You can also use the regular interest payouts from non-cumulative FDs to cover annual health insurance premiums. It can ensure your healthcare needs are met without depleting your primary savings​.  

Travel plans 

If you dream of travelling after retiring, FDs can be planned to mature around your travel dates. They provide you with a lump sum to fund vacations or visits to family abroad. So, you can enjoy dedicated funds for leisure without stretching your budget​.

FDs also provide liquidity, so you have the option to quickly access funds by breaking it or making partial withdrawals. This is beneficial in case you need to travel suddenly for emergencies, such as family health issues or important events.  

Home maintenance 

As you age, your home may also require more frequent repairs or upgrades, like installing safety features or energy-efficient appliances. FD returns can also be utilised to cover unexpected home renovation expenses. They allow you to manage these costs without dipping into your primary savings​.  

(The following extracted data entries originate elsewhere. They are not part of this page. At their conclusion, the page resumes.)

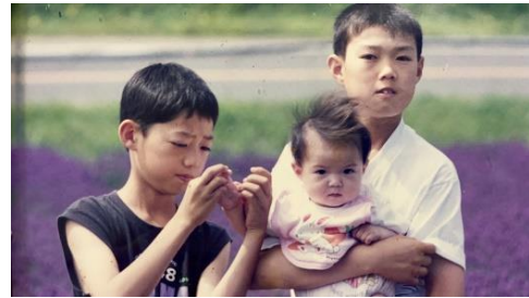
2人の兄と富良野にて

と決めていました。その強い意志もあり(笑)、無事に中学校の吹奏楽部でフルートを始めることができました。
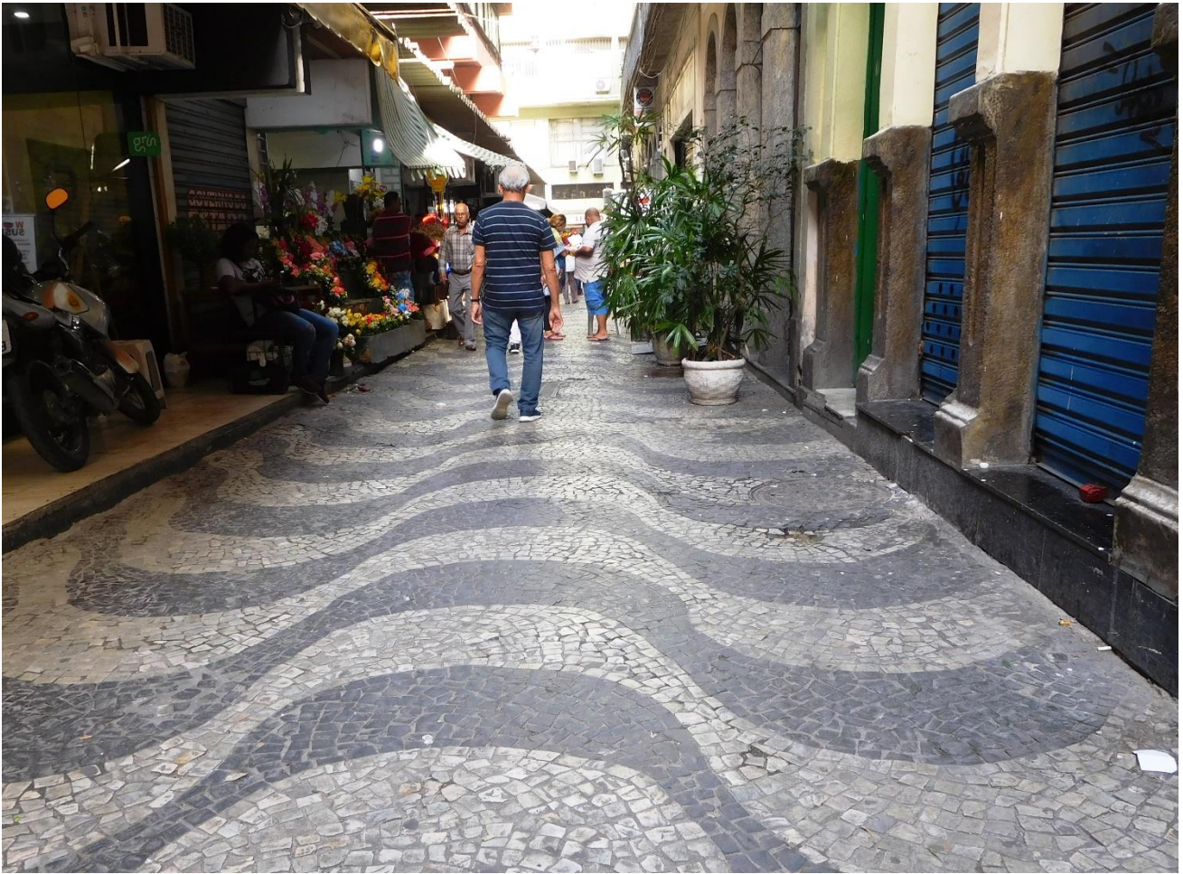
Imagen 7 – Plaza Olavo-Bilac(52).
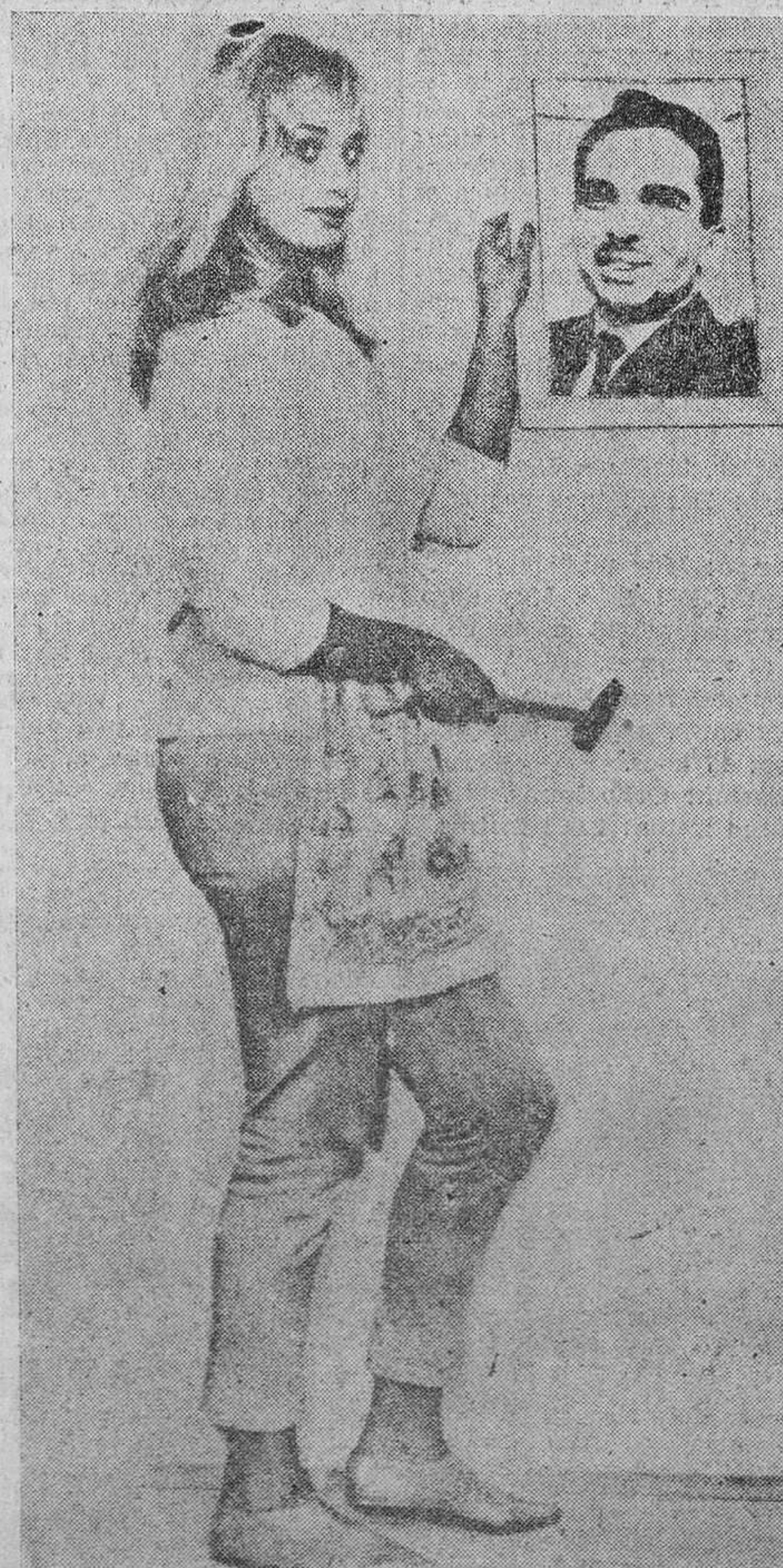
El rey Hussein de Jordania acaba de decir a un periodista que la separación de la reina Dina constituyó el mayor disgusto de su vida. Ello confirma la tesis de este reportaje. Pero se habla mucho de que la actriz Bárbara Valentin pudiera sustituirla en el corazón del Monarca. Se conocieron en Múnich, y ella insiste mucho en el pretendido... Se sabe que debería a Farah Diba y le gustaría seguir sus pasos.

A pesar de todos estos inconvenientes que limitan considerablemente el libre desenvolvimiento del visitante, la Inturist conoce perfectamente el hecho de que los viajeros van a acudir a la Unión Soviética, cada vez en mayor número. Como no, si siempre existirán personas que solamente observarán el portentoso detalle de que la pensión completa diaria en un lujoso hotel a orillas del Mar Negro solamente va a costarles noventa pesetas... y sin propinas, ¡claro!
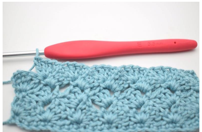
45. Powtarzaj „do” w sumie 13 razy.
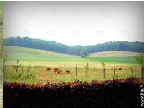
vue depuis le jardin/parc
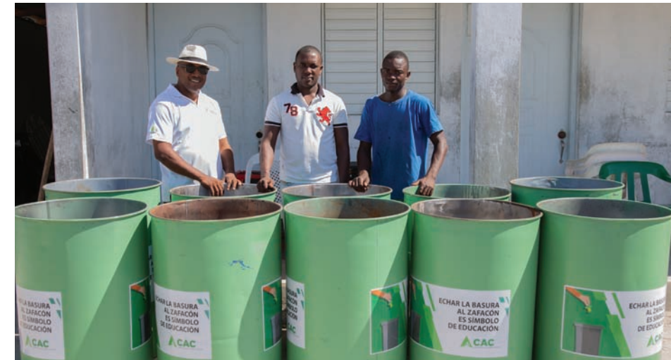
Comunitarios reciben los depósitos de basura.

Desde el año 2018, el CAC ha venido desarrollando el proyecto "Mi Comunidad Limpia", que consiste en la entrega y donación de depósitos de basura para todas las comunidades de la zona cañera, superando los 330 depósitos durante el año 2019
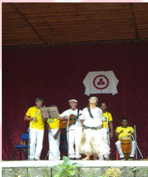
Projeto de Intercâmbio Cultural: Brasil: muitas raízes, um legado de Paz. Participação do Instituto Roerich Brasil na Celebração Anual dedicada ao aniversário de Nicholas Roerich, promovida pela International Roerich Memorial Trust, Naggar-Índia, outubro de 2011.
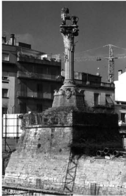
Obres de construcció del Pàrquing a la Plaça Calvet i Rubalcaba
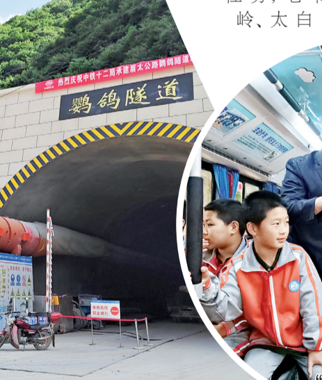
小学生体验“绿色出行”
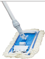
Multi Mop NG2 für die Nassreinigung
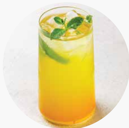
ПЕРСИК-МАРАКУЙЯ 390/670 ₺ 400/1000 мл
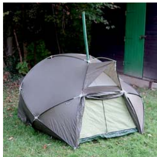
má milovaná GEMMA
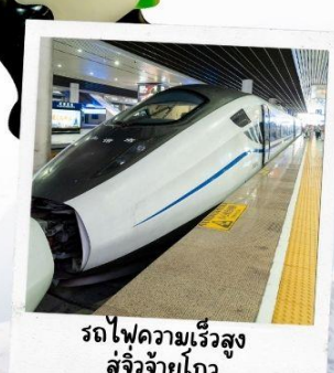
รถไฟความเร็วสูง สู่จี้จ้ายโกว
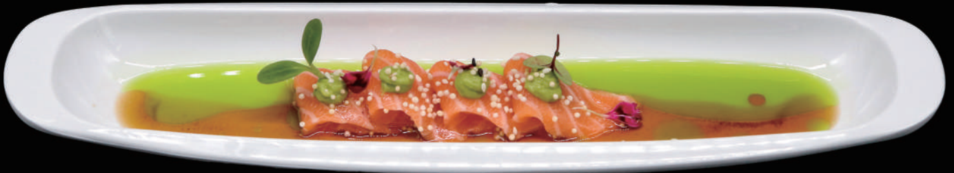
057 - CARPACCIO SALMONE allergeni: 4, 6, 11
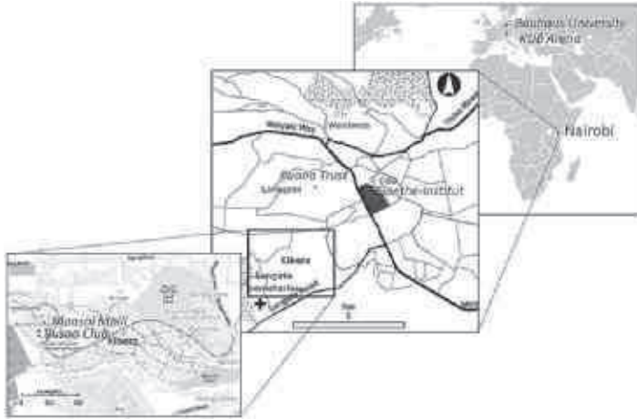
ILLUSTRATION 4. — LE TRIPLE JEU D'ÉCHELLE DE LA RENCONTRE ENTRE OCHUO ET L'ART CONTEMPORAIN

Elle justifiait cette demande par le fait que cet article pouvait servir aux médiateurs du KUB Arena dans la préparation des visites guidées 31 . Cela démontre bien la valeur ajoutée de la controverse nairoienne aux yeux de cette institution.
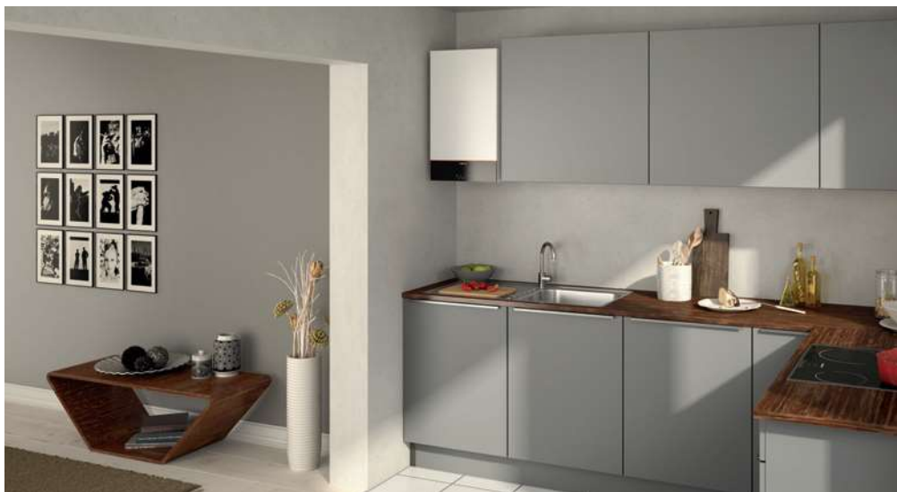
Vitodens 100-W v atraktívnom dizajne, farba Vitopearlwhite

Kompaktné a účinné nástenné plynové kondenzačné kotly s mimoriadne atraktívnym pomerom ceny a výkonu.
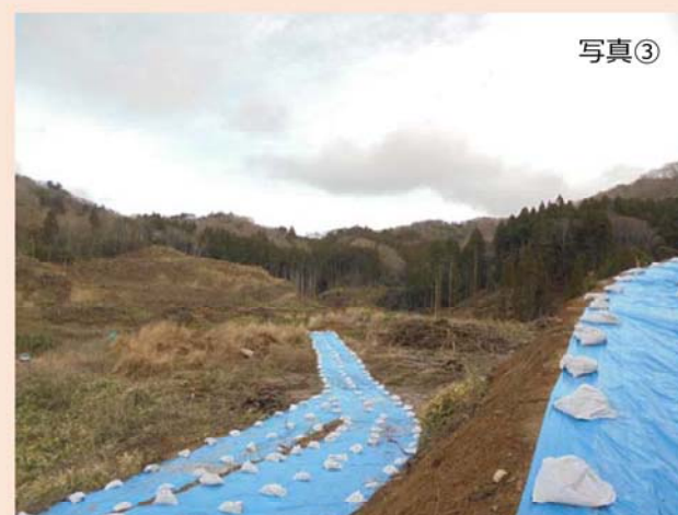
埋立地南側の斜面（③地点）から北東方向（第1期埋立地予定地）を撮影したものです。 現在、濁水対策工事を優先し工事を進めています。
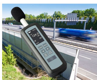
Noise level measurement
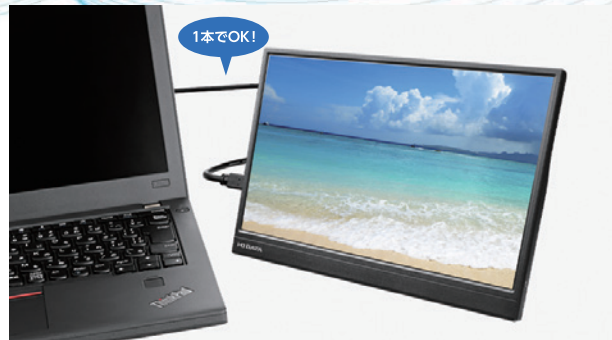
束ねて持ち運ぶのに便利な柔らかいケーブル

※パソコンに映像出力(DisplayPort Alt Mode)対応のUSB Type-C ポートが必要 です。 ※給電が足りない場合はDC5V/1.5A以上供給可能なUSBケーブルとUSB充電器 を別途ご用意ください。
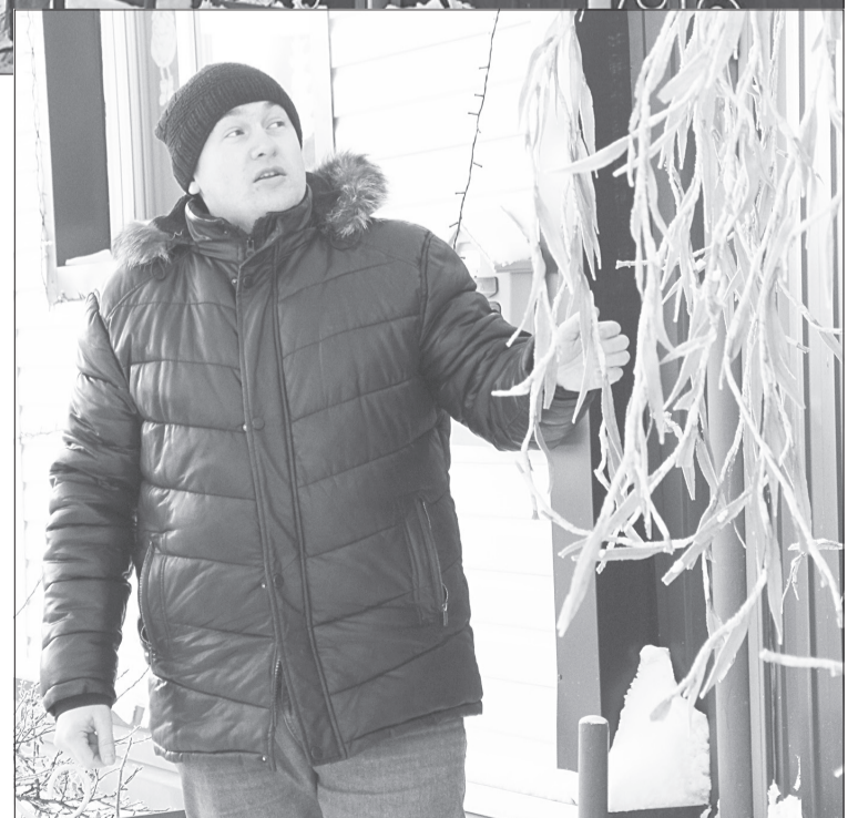
К следующей зиме Александр хочет доработать инсталляцию в виде пальмы, чтобы светились и ветви, и ствол
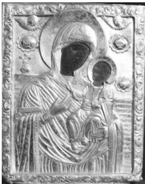
Εικ. 5. Μονή Βατοπαιδίου. Αντίγραφο της Παναγίας Βηματάρισσας. 1772.
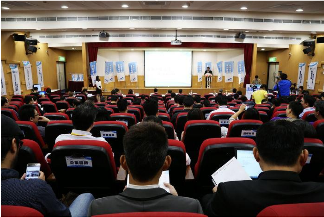
會場滿滿的創業團隊、投資人、大企業代表

參與過雲豹育成的新創公司最稱許的是，雲豹育成把參與的所有團隊組織成社群化的互動交流平台，不需要關在辦公室，是開放式的互相交流、互相推薦、進行創投磋商，亦是合作亦是競爭，兄弟登山各自努力。中場休息時間各團隊紛紛聚集與評審或企業導師交流。
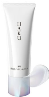
薬用 美白ナイトクリームマスク (医薬部外品)

※2 4-メトキシサリチル酸カリウム塩 ※3 グルタチオン・グリセリン(整肌・保湿)
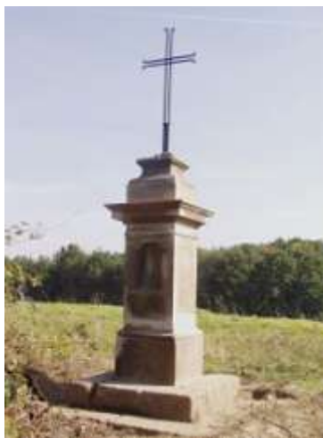
Kříž u cesty z Pavlovic do Drchlavy
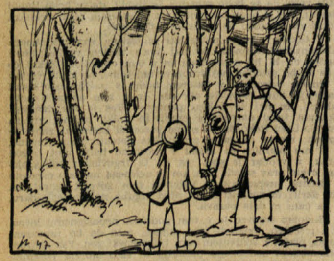
Ko je prišel Pavlek s košarico za gobe do velike bukve, je stopil izza nje mož, ves kosmat in s puško. Nasmehnil se je in takrat ga je Pavlek spoznal — bil je France.
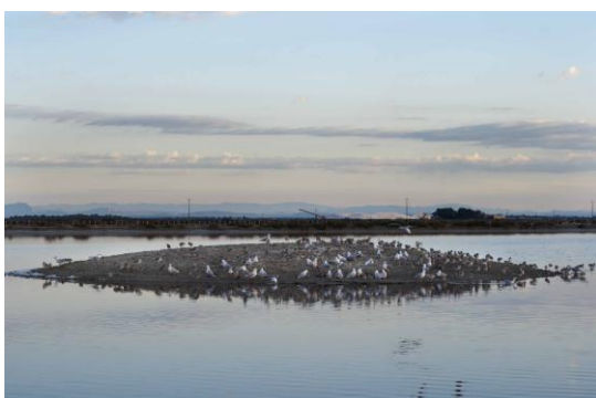
Îlot artificiel accueillant une colonie de laro-limicoles

Les laro-limicoles coloniaux sont des oiseaux marins protégés dont la spécificité est de se reproduire en colonies. Le principal facteur du déclin de leur population est leur faible succès de reproduction : ces oiseaux sont associés à des espaces aux caractéristiques bien précises pour leur reproduction, espaces qui tendent à disparaître avec l'artificialisation du pourtour méditerranéen et le déclin de l'activité salicole.
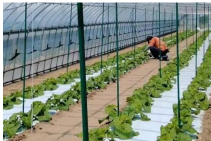
ハウス10棟と露地で約7品目を生産

経営面積：49a [施設栽培29a、露地栽培20a] 品目：越のルビー、スイカ、小玉スイカ、アールスメロン、マルセイユメロン、露地スイカ、コカブ
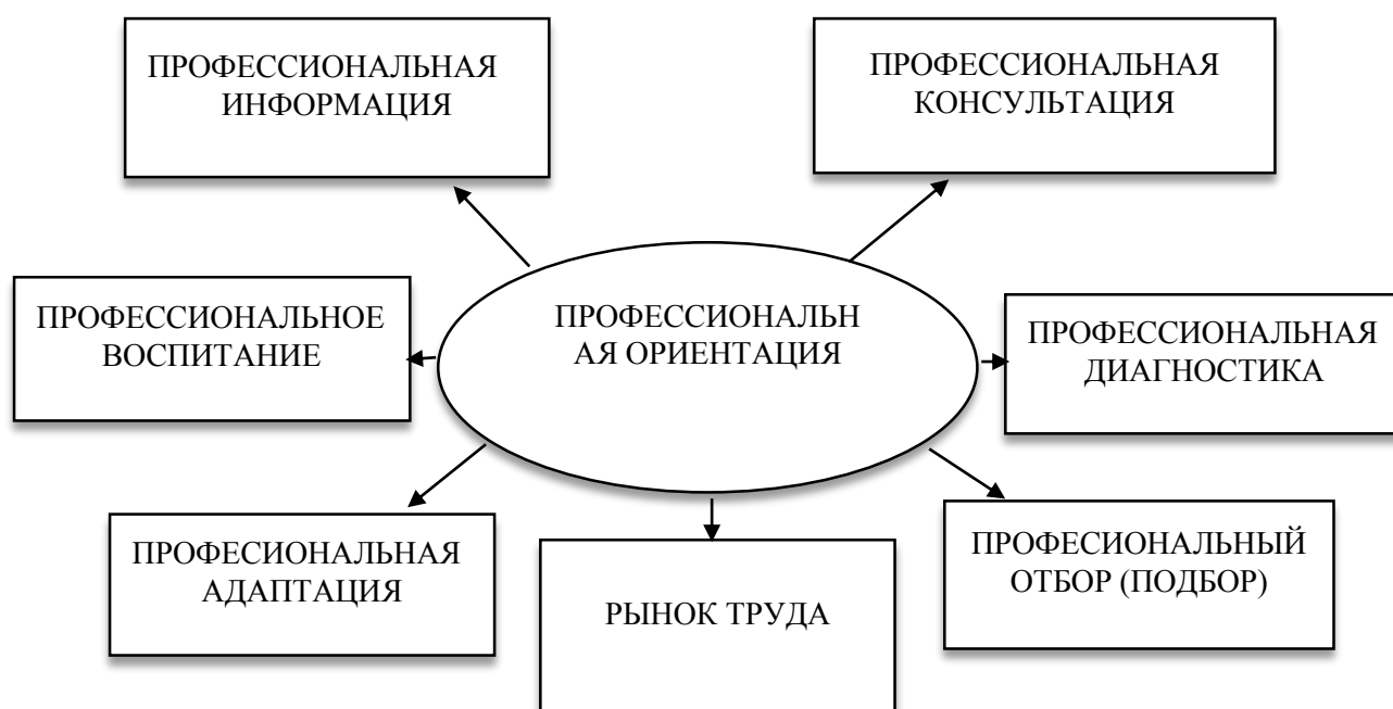
Рис. 2. Профессиональная ориентация

Направления профессиональной ориентации представлены на схеме рис. 2.

Gifting to children, grandchildren 

FDs can be gifted or used for your children’s or grandchildren’s weddings, education or other significant milestones. You can make contributions easily without disturbing your financial stability during retirement​. 

Charity 

Planning to give back to the society? Use FDs to set aside funds specifically for charitable donations. When it matures, you’ll have a dedicated amount ready to contribute to causes you care about​.  

Your interests 

Retirement often provides the time to pursue your hobbies like gardening, painting or joining clubs. FDs with periodic interest payouts can help you fund these activities without a stretch.  

Conclusion

It is recommended that you opt for long-term lock-in periods, like 5 to 10 years, to earn more over a long period. If you are investing for growth, choose a cumulative plan and for regular income, select non-cumulative FDs. Resist the need to break an FD early, as it usually results in penalties and lower interest rates. Instead of this, you can consider taking a loan against FD for emergencies.